**PROBLEM REQUIREMENTS:**
Pictures are to be left out. Return exactly the lines below from the one with "华佗承担团队续航与综合辅助职" up to and including the one with "如图所示,A、B两木块的质量".

**Items from a data source:**
————

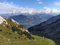 Leider müssen wir aber weiter nach Alpnachstad wo wir mit der steilsten Zahnradbahn der Welt auf den Pilatus fahren, ein Bergmassiv südlich von Luzern gelegen, im Grenzbereich der Kantone Luzern, Nidwalden und Obwalden. Die Fahrt dorthin ist eine richtig tolles Erlebnis !!! Die Zahnradbahn, 1889 in Betrieb genommen, überwindet spielend die 1.635 Meter Höhendifferenz von Alpnachstad auf den Pilatus mit einer maximalen Steigung von 48% und einer Spurweite von 80 cm. Bei schönstem Wetter und klarer Sicht wie im Bilderbuch fahren wir durch Schluchten und erreichen so nach nur 30 Minuten unser Ziel auf über 2000 Meter Meereshöhe. Viele der 22 Reisegäste sind schlichtweg nur ergriffen und beeindruckt während dieser Bergfahrt. Bei anderen habe ich fast das Gefühl sie würden Fliegen jagen, wenn sie von einer Fensterseite auf die andere springen und immer wieder mit der Kamera in die Luft halten - und staunen. Ich lehne mich zurück und schmunzle, es macht mir Spaß zu sehen, wie viel Freude und Begeisterung doch die Gäste bei dieser Fahrt haben. Bei Ankunft in unserem Hotel Bellevue, hoch auf dem Berg bleibt uns bis zum Abendessen noch Zeit, um die Umgebung ein wenig zu erkunden und die fantastischen Blicke auf die anderen Berggipfel und das Flachland zu genießen. Für die meisten der heute auf dem Pilatus Reisenden war die Fahrt mit der Pilatusbahn der absolute Höhepunkt dieser Reise, bislang jedenfalls. Im benachbarten Hotel Pilatus Kulm erwartet uns ein sehr feines 3 Gang Menü, das durch außerordentlich guten Service gekrönt wird. So lassen wir den Abend in einer sehr lustigen Runde ausklingen.
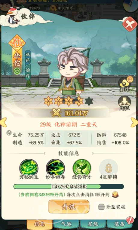 华佗承担团队续航与综合辅助职能。“妙手回春”技能按自身攻击力两倍数值恢复队友生命,保障持久作战能力;“精英奇才”被动则同步强化采集、制造与销售三项基础打工属性。其先天“悬壶济世”气运可在布施药品时概率增加功德获取量;若搭配“灵药宝盆”法宝使用,不仅提升施药效率,更可使最终销售数额提升9%,形成稳定正向反馈闭环。
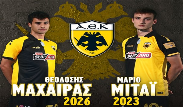 Ποδοσφαιριστές της ΑΕΚ για τα επόμενα πέντε και δύο χρόνια αντίστοιχα θα είναι οι Θεοδόσης Μαχαρίας και Μάριο Μιτάι, όπως γνωστοποίησε η κιτρινόμαυρη διοίκηση.
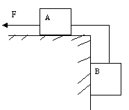 如图所示,A、B两木块的质量分别为1kg和0.5kg,A与水平桌面间最大静摩擦力为2N。现在A上施加水平向左的拉力F,则能使A、B保持静止的拉力F为(取g=10m/s2) (F为取值范围)
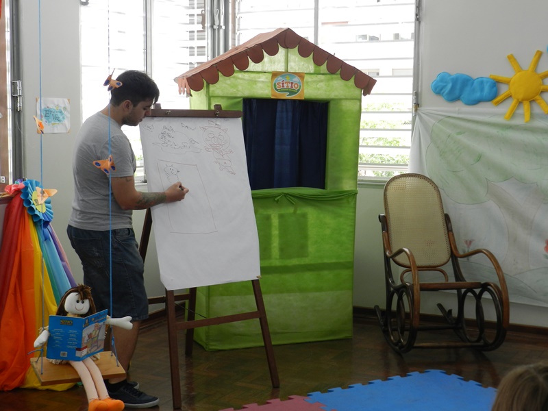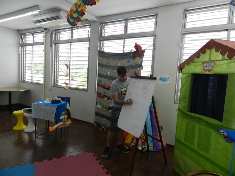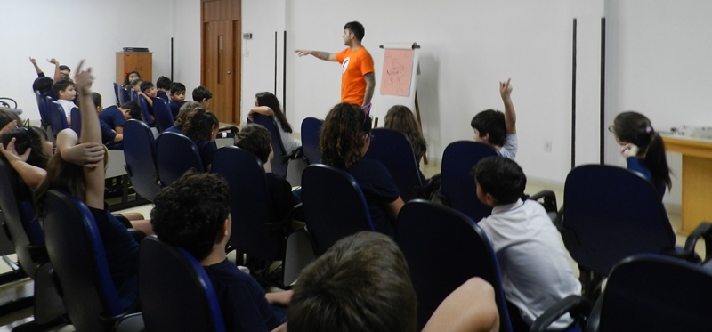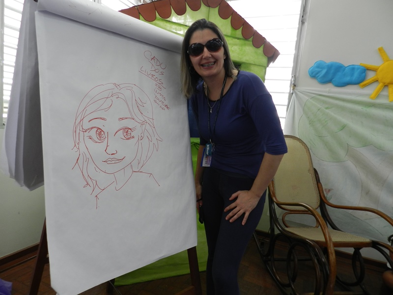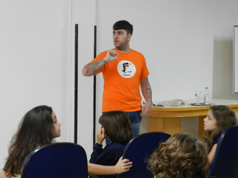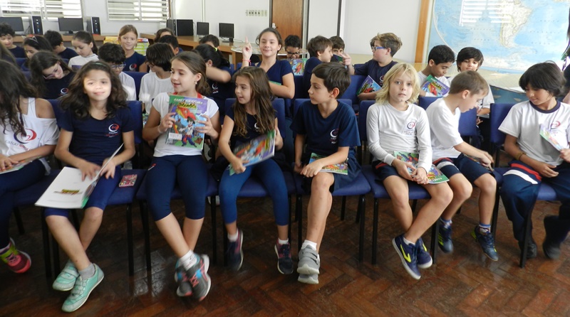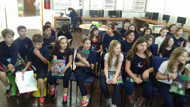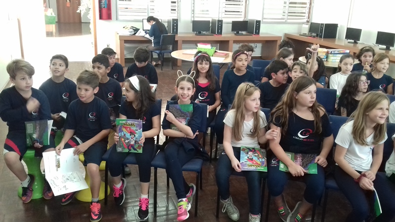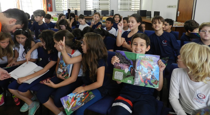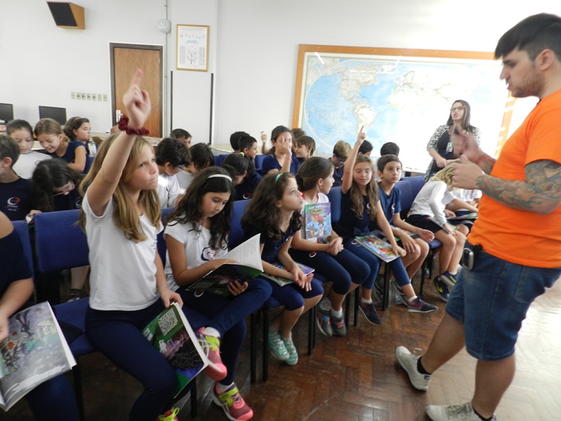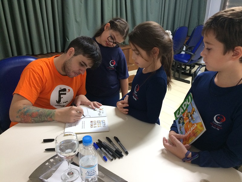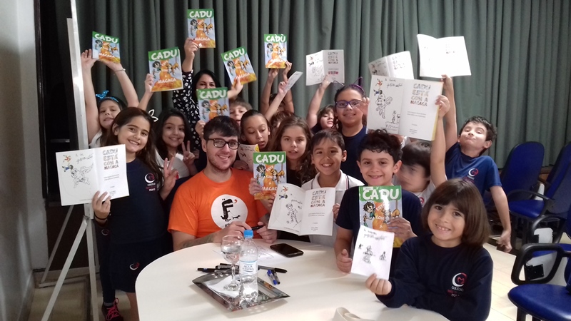 As crianças puderam interagir com o escritor e ilustrador que aproveitou o encontro para fazer vários desenhos e encantar os alunos com o seu talento.

————

**SOLUTION FOR THIS TASK:**
 华佗承担团队续航与综合辅助职能。“妙手回春”技能按自身攻击力两倍数值恢复队友生命,保障持久作战能力;“精英奇才”被动则同步强化采集、制造与销售三项基础打工属性。其先天“悬壶济世”气运可在布施药品时概率增加功德获取量;若搭配“灵药宝盆”法宝使用,不仅提升施药效率,更可使最终销售数额提升9%,形成稳定正向反馈闭环。
 Ποδοσφαιριστές της ΑΕΚ για τα επόμενα πέντε και δύο χρόνια αντίστοιχα θα είναι οι Θεοδόσης Μαχαρίας και Μάριο Μιτάι, όπως γνωστοποίησε η κιτρινόμαυρη διοίκηση.
 如图所示,A、B两木块的质量分别为1kg和0.5kg,A与水平桌面间最大静摩擦力为2N。现在A上施加水平向左的拉力F,则能使A、B保持静止的拉力F为(取g=10m/s2) (F为取值范围)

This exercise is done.